As a psychologist, Stacey became passionate about working with adolescent girls. She found there was a misperception about this population; girls in this stage were viewed as difficult, oppositional, and hard to engage. What others categorized as oppositional, she saw as feisty, passionate and eager to experiment. Stacey recognized that these girls wanted to engage in relationships, not run from them. They simply needed someone to trust, to listen to their adolescence difficulties and to help them weather their storms. Working with this population taught Stacey so much about being a woman and the strong developmental continuum from girlhood to womanhood.
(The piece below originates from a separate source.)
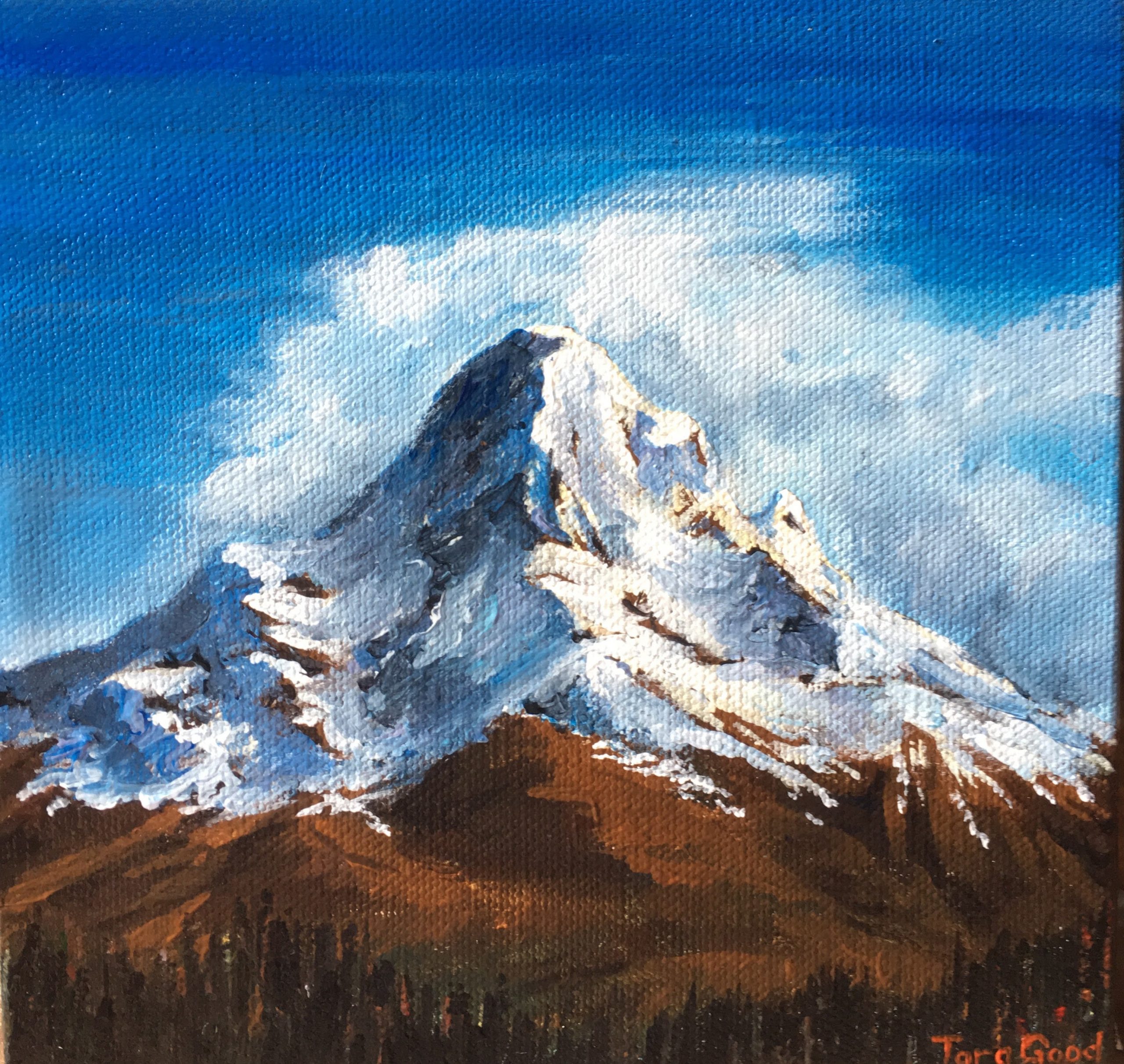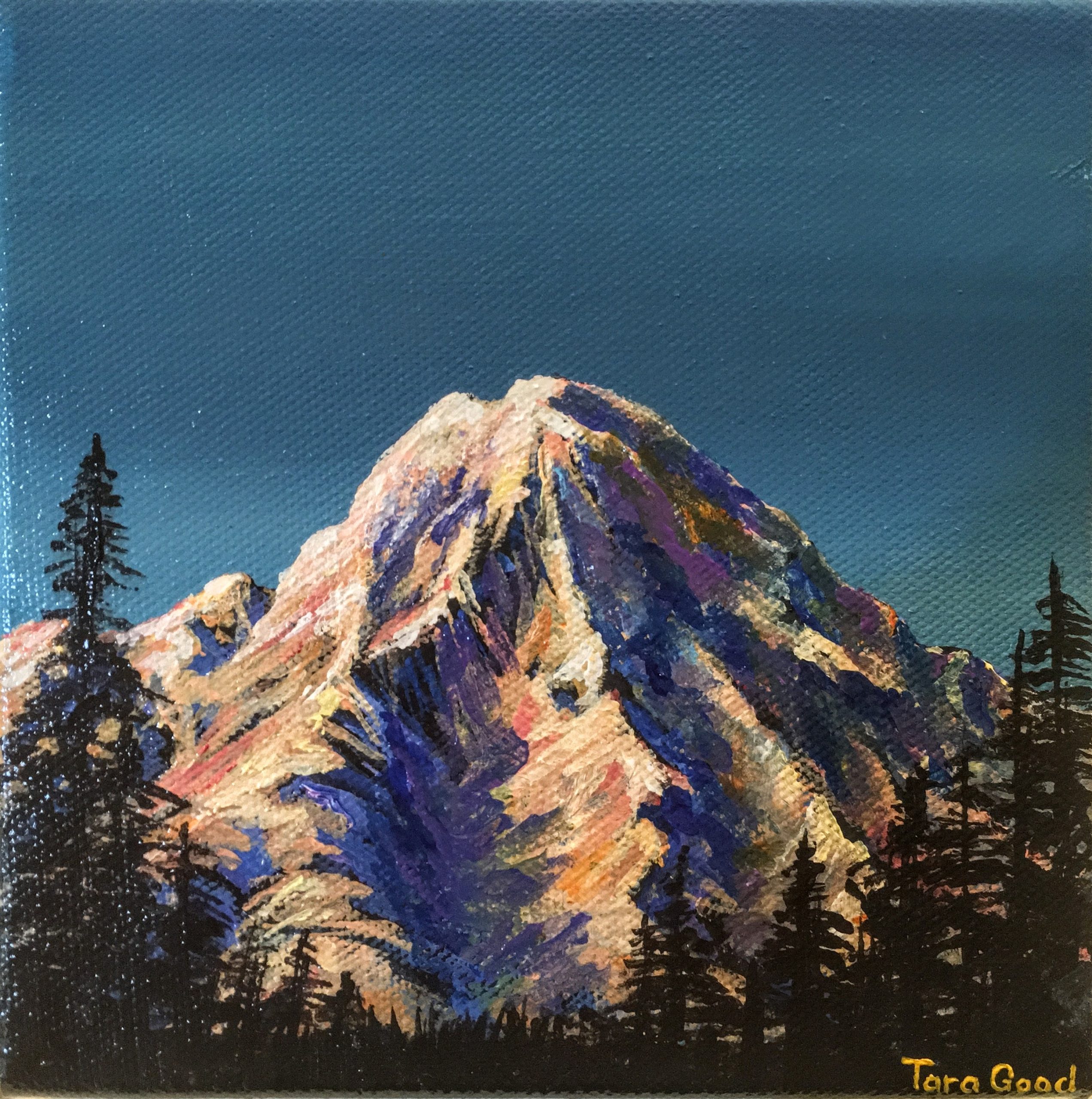 6 x 6 Acrylic on canvas. Two coats of gloss finish. $60 Contact the artist to purchase: taramariegood at gmail dot com My husband is a mountain climber, which gives me a lot of opportunities to paint mountains. Signed by the artist. Painting wraps at the edges. Does not need to be framed. Ready to … Read more

Stacey, Founder and President ofCorporate Equilibrium, is a leadership consultant and strategist specializing in the psychology of organizational effectiveness and leadership. She is also Founder and CEO of Unleashed, a not for profit organization empowering girls to take a stand against an injustice they care deeply about, advocating for animal rights and welfare. Over the course of twelve weeks, girls develop critical tools they can use throughout the course of their lives to solve complex social issues.  

Stacey’s passion is developing cutting-edge leadership programs that are designed to implement change, strengthen leaders’ ability to influence ethically, and create opportunities to experiment and think out of the box. Working with executives and business leaders at all levels, she is a recognized expert and “power stylist,” with more than ten years experience coaching and consulting with senior executives in Fortune 500 companies, especially women, helping them to define and experience power and influence in their lives and careers. She has been investing in the next generation of powerful female change-makers (serving over 300 girls in New York City) since fall 2010.

Stacey received her doctorate of psychology from Albert Einstein Medical Center and completed her postdoctoral training at Columbia University. She attended New York University, receiving a certificate in executive coaching.

Regina Sarabia is currently an MSW student at Fordham University Graduate School of Social Service.  She got involved with the Center for Global Education (CGE) through a Global Outreach (GO!) trip she participated in as an undergraduate at Fordham Lincoln Center.  GO! is an organization that focuses on community service and cultural immersion projects.  The project that she was involved with was GO! Nicaragua. The theme was women's rights and women's empowerment.